Canetto SS. Am. J. Orthopsychiatry 2008; 78(2): 259-266.

Affiliation

Department of Psychology, Colorado State University.

Copyright

(Copyright © 2008, American Orthopsychiatric Association, Publisher Wiley Blackwell)

DOI

10.1037/a0013973

PMID

18954189

Abstract

Around the world girls and women have higher rates of suicidal ideation and behavior but lower rates of suicide than boys and men. There is, however, significant variability in gender patterns and meanings suicidal behavior within and across cultures. For example, in the United States, suicide is most common among older "White" men, and is typically considered masculine behavior. Women who kill themselves are viewed as acting like men, and therefore deviant. By contrast, in other societies, including China, suicide is viewed as an act of the powerless, and is most frequent in young women.

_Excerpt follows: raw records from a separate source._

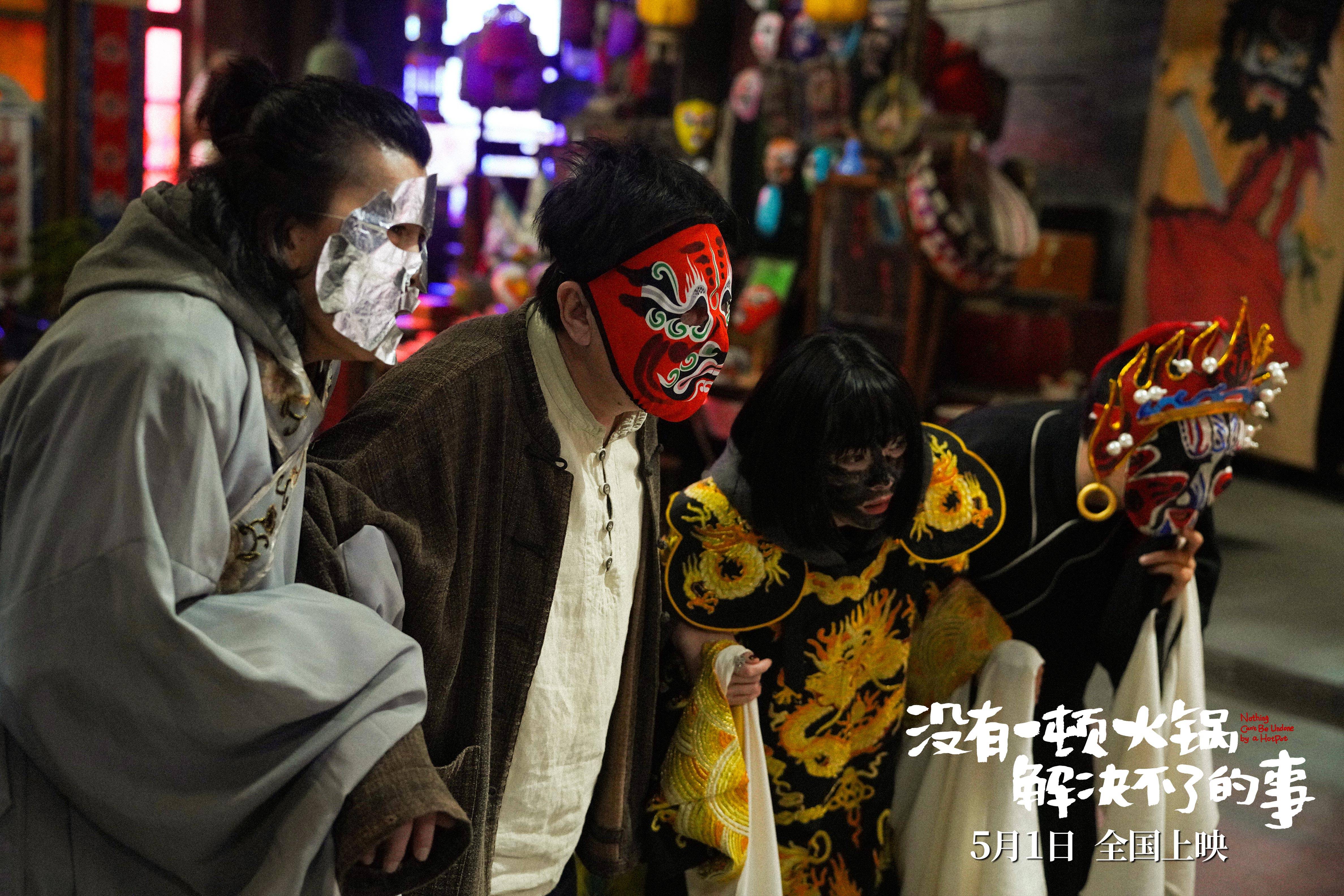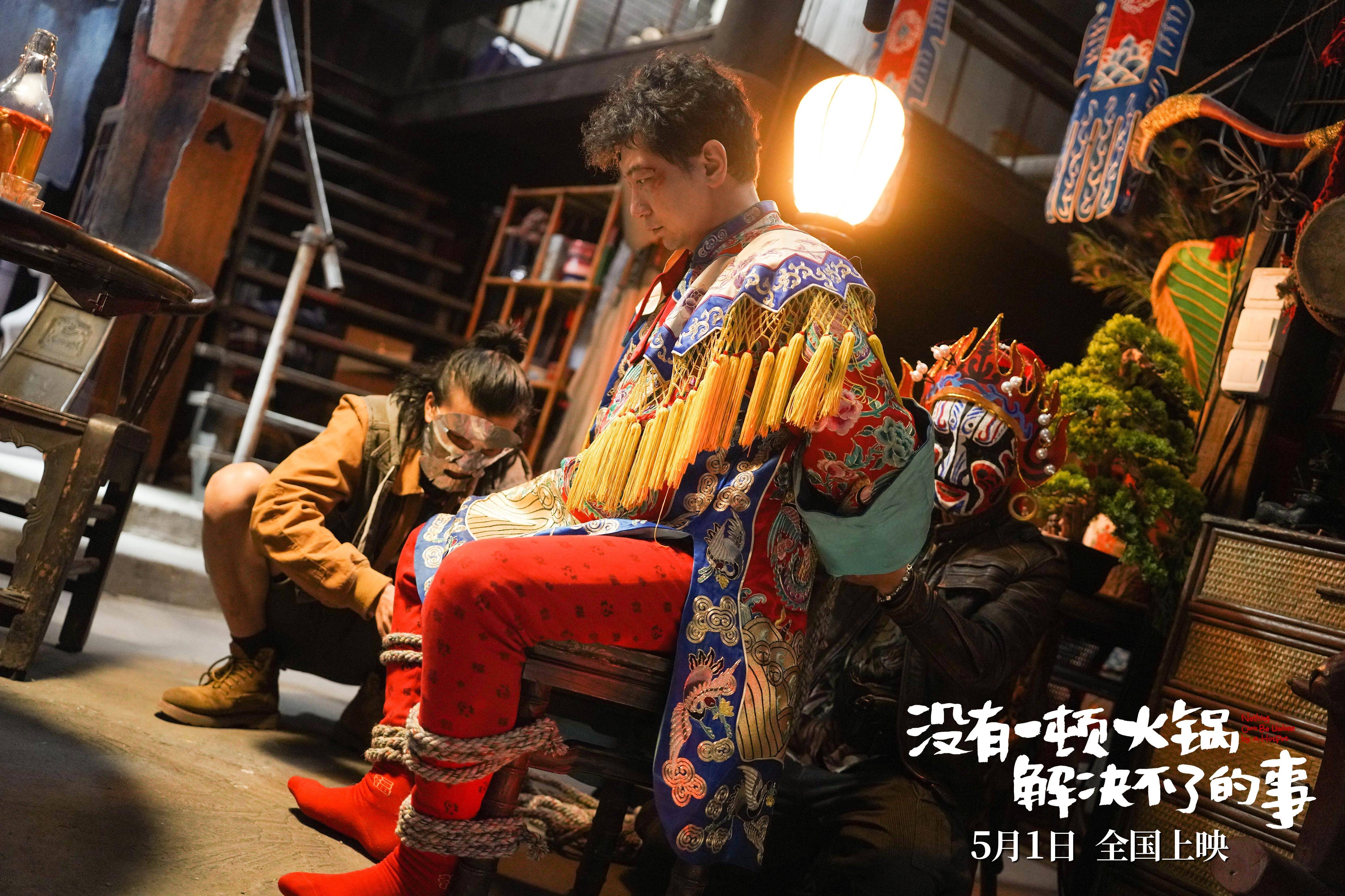 《没有一顿火锅解决不了的事》的主演杨幂评价这部电影:“这是一部非常黑色幽默的悬疑电影,充满着天马行空的想象。”作为一部以悬疑犯罪为基础的作品,“剧透”会严重影响观影体验,因此本片自定档以来,电影在剧情方面却一直严格保密,吊足观众的胃口。而在这次发布的终极预告中,伴随着几个川剧角色的唱念做打和“四贼行窃,盗命一条”“盗窃绑架,杀人分尸”等关键词的出现,一些之前从未曝光过的线索似乎露出端倪:幺鸡(杨幂 饰)、九饼(于谦 饰)、发财(余皑磊 饰)、七万(李九霄 饰)作为“雌雄大盗四人组”,组的到底是麻将局还是火锅局还是抢劫杀人分尸局?付主任(田雨 饰)为何上一秒出现在箱子里,下一秒又义正词严地控诉四人组的违法行为?
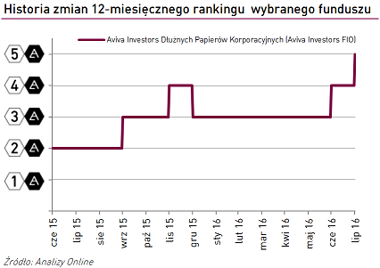 Wśród funduszy, które mogą pochwalić się najwyższym Rankingiem na poziomie 5a, po raz pierwszy od dwóch lat, znalazł się Aviva Investors Dłużnych Papierów Korporacyjnych. Jeszcze w marcu ubiegłego roku fundusz znajdował się wśród 15% najniżej ocenianych rozwiązań. Od tego czasu jego ocena systematycznie rosła, by w lipcu osiągnąć najwyższy poziom. Jednym z głównych powodów są bardzo dobre stopy zwrotu z portfela. Wyniki zarządzania w różnych okresach (trzymiesięcznym, półrocznym czy rocznym) za każdym razem plasują fundusz na podium najbardziej zyskownych rozwiązań w grupie dłużnych polskich korporacyjnych.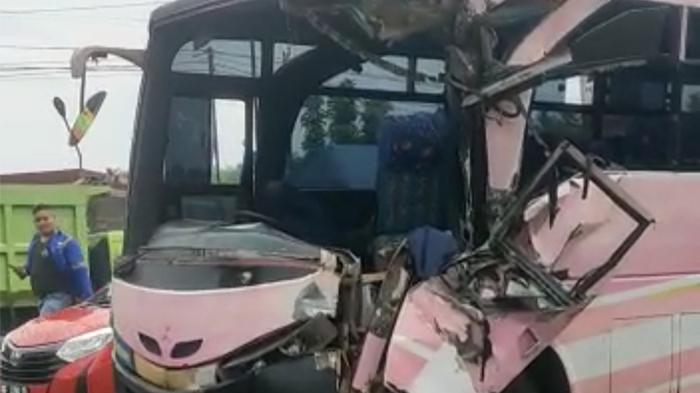 Bus rombongan pelajar SMK Miftahul Ulum ini alami ringsek pada bagian depannya setelah kecelakaan di Bandar Lampung.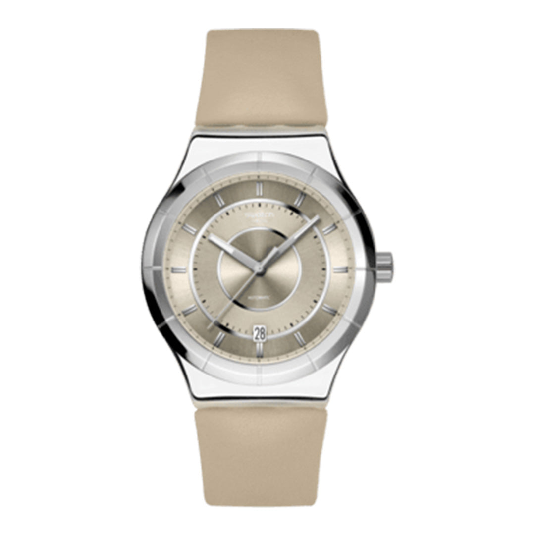 This sleek automatic watch sports a taupe sun-brushed dial with silver-colored hour markers, rings, hour and minute hands with glow-in-the-dark effect and a white seconds hand as well as a white date window with black print at 6 o'clock. The shiny stainless steel case is complemented by a matching bezel with engraved hour markers and gives a view of the SISTEM51 movement with digital printed design on the back. A taupe and beige leather strap, taupe leather loops and shiny stainless steel buckle complete the look.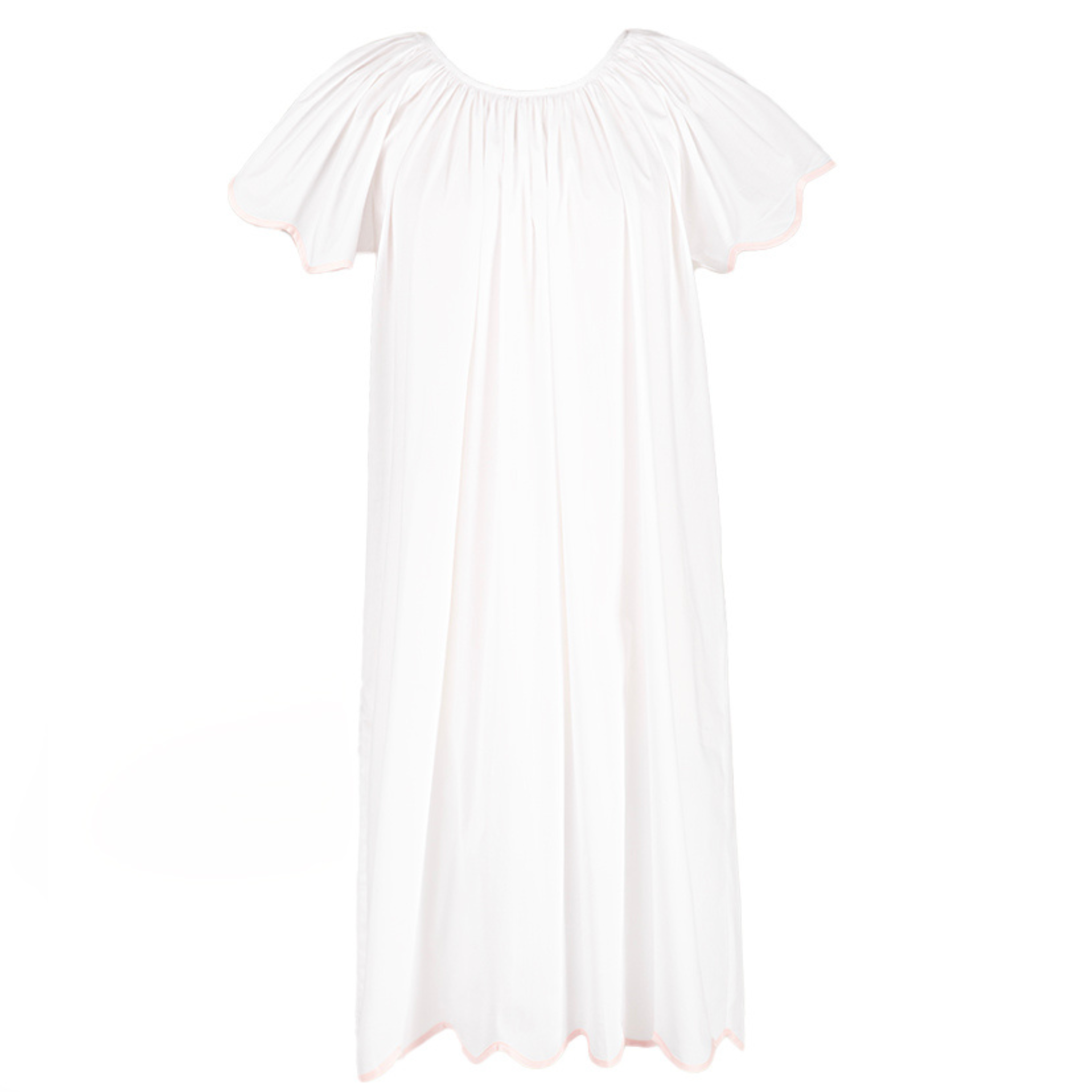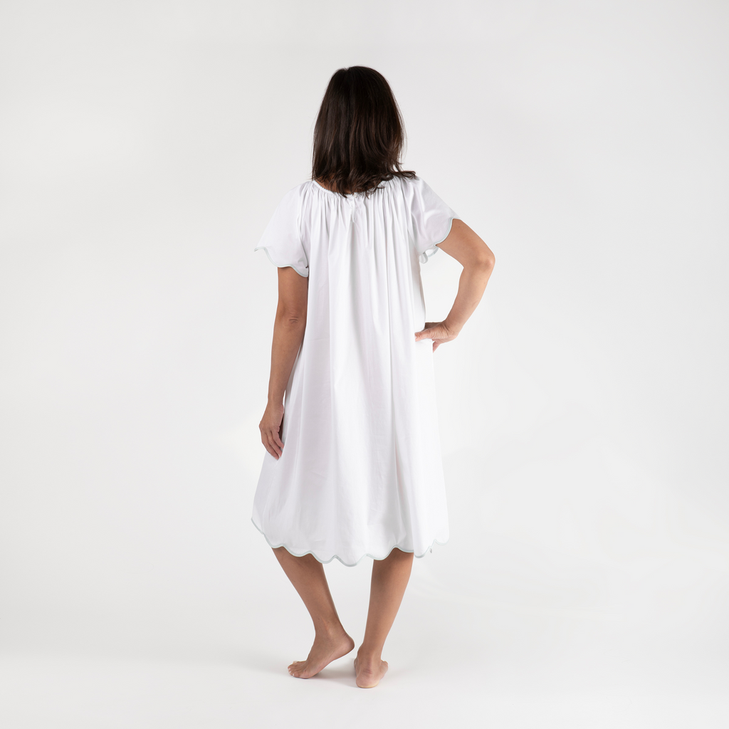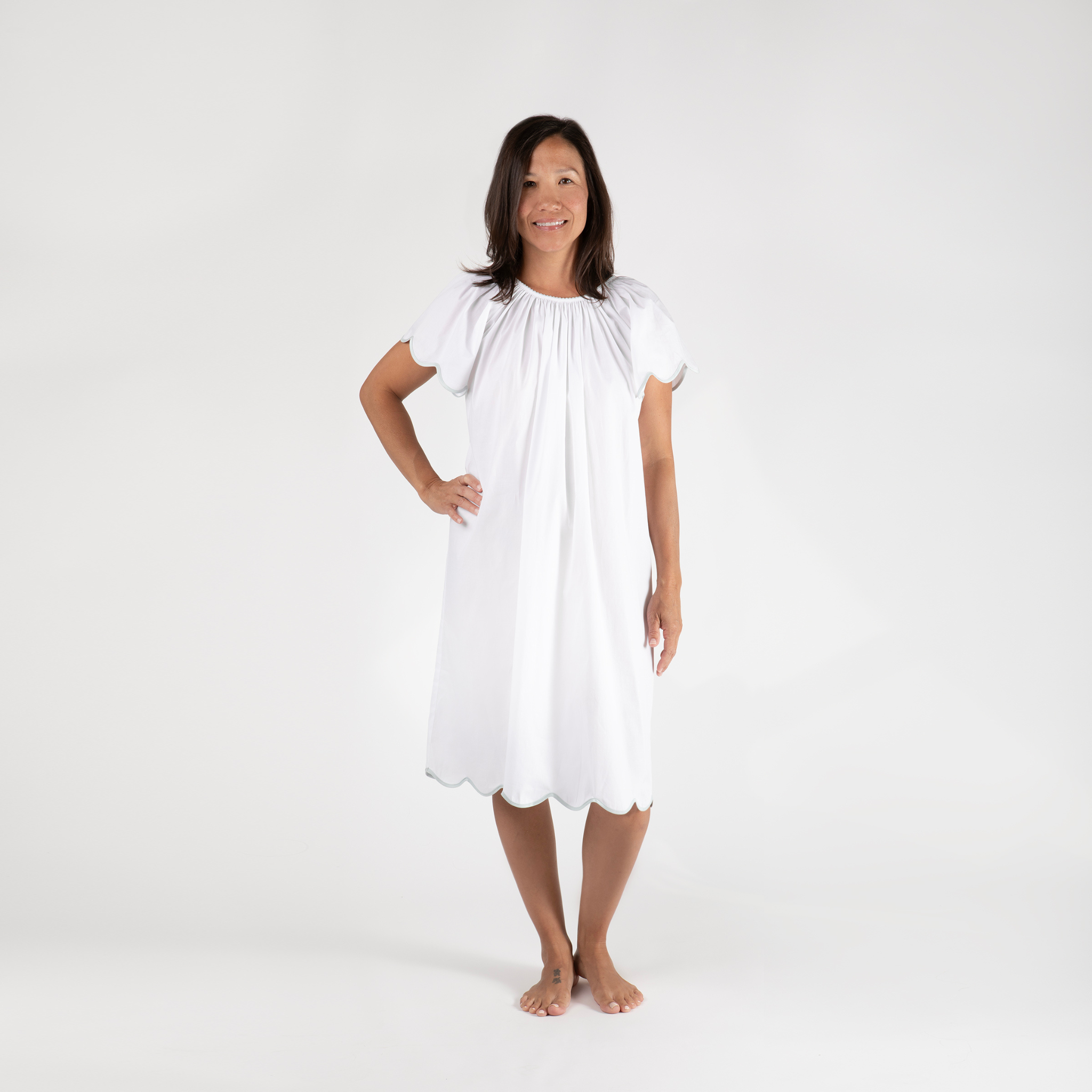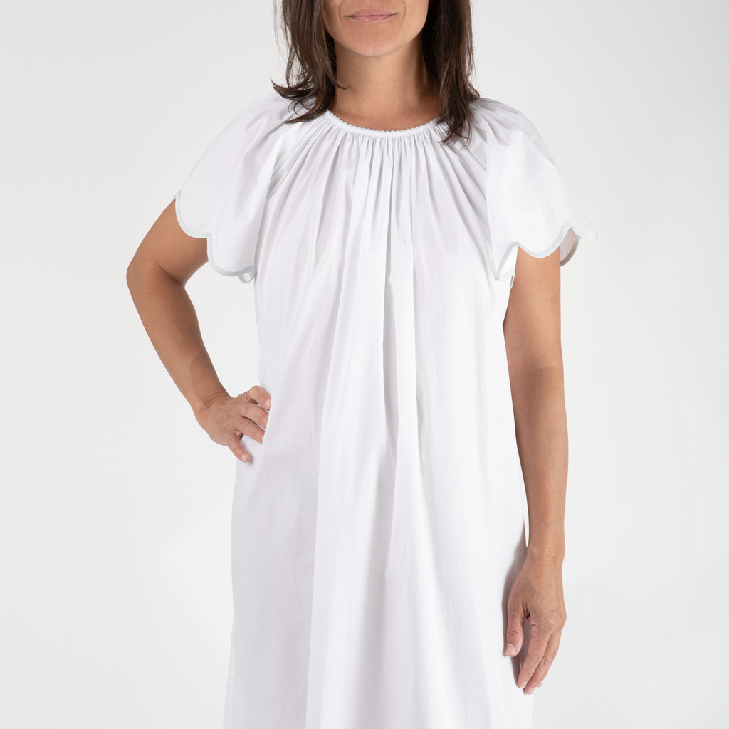An epitome of grace and comfort, the Vandy Cotton Nightgown is adorned with scalloped tape trim on the sleeves and hemline. Elegantly finished with a single button for a touch of refined simplicity, the Vandy Nightgown boasts a full silhouette crafted by a gathered jewel neckline. Drift into dreamland wrapped in the timeless allure of the Vandy Cotton Nightgown, where every detail whispers comfort and sophistication.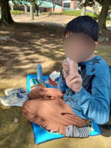 3月下旬にしては少し暑いくらいのぽかぽか陽気で、木陰でお弁当を食べました。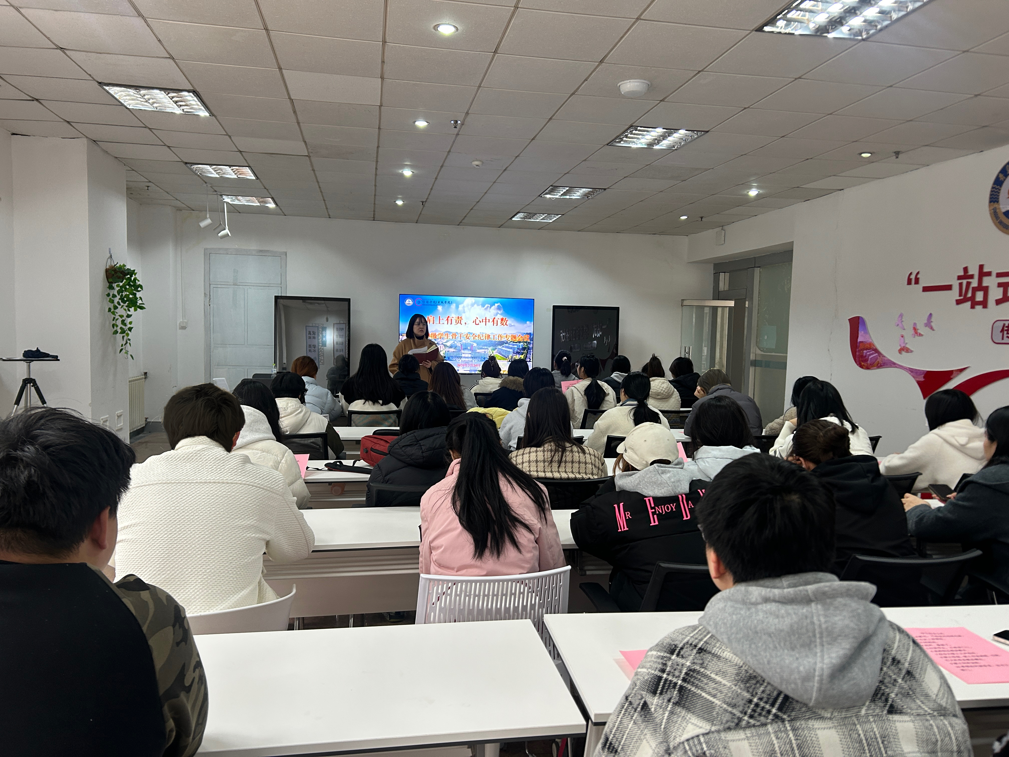 在“一站式”学生社区召开"肩上有责,心中有数”2023级本科生安全纪律专题研讨会。全体班长、团支书及宿舍长参与研讨,辅导员张鸣主持会议。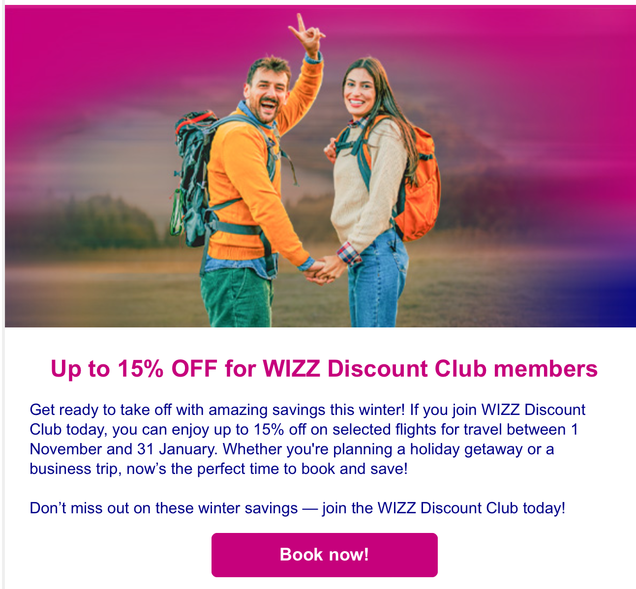 Пригответе се да излетите с невероятни спестявания тази зима! Ако се присъедините към WIZZ Discount Club днес, можете да се насладите на до 15% отстъпка за избрани полети за пътуване между 1 ноември и 31 януари. Независимо дали планирате ваканционно бягство или бизнес пътуване, сега е идеалният момент да резервирате и да спестите!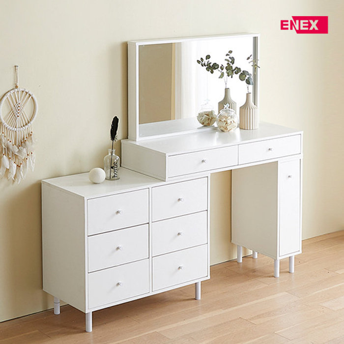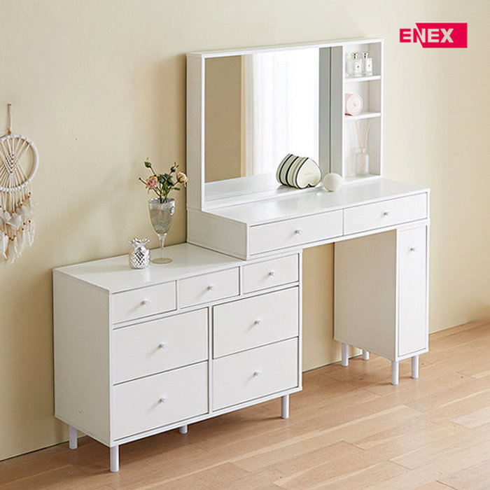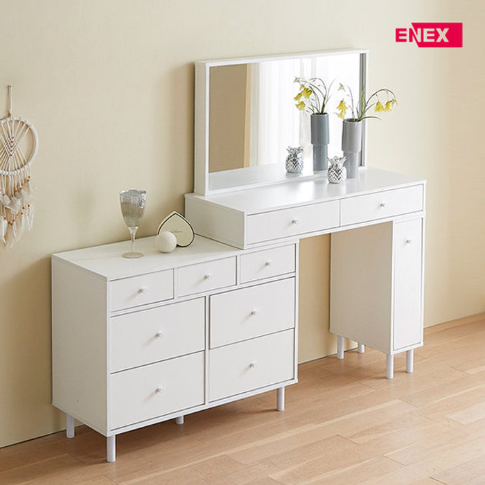 에넥스 스위트 3단7칸서랍 일반거울 확장형 화장대 (넓이110~170cm)

In these societies, men who kill themselves are considered weak and effeminate. The cultural diversity in gender patterns and interpretations of suicidal behavior challenges essentialist perspectives on gender and suicidal behavior. It also challenges the assumption, common in industrialized countries, that women are protected from suicide as long as they stay "feminine" and subsumed within the family. This cultural diversity also points to the pitfalls of theorizing about clinical phenomena as if they were culture-free, and calls for culturally grounded theory, research, and practice.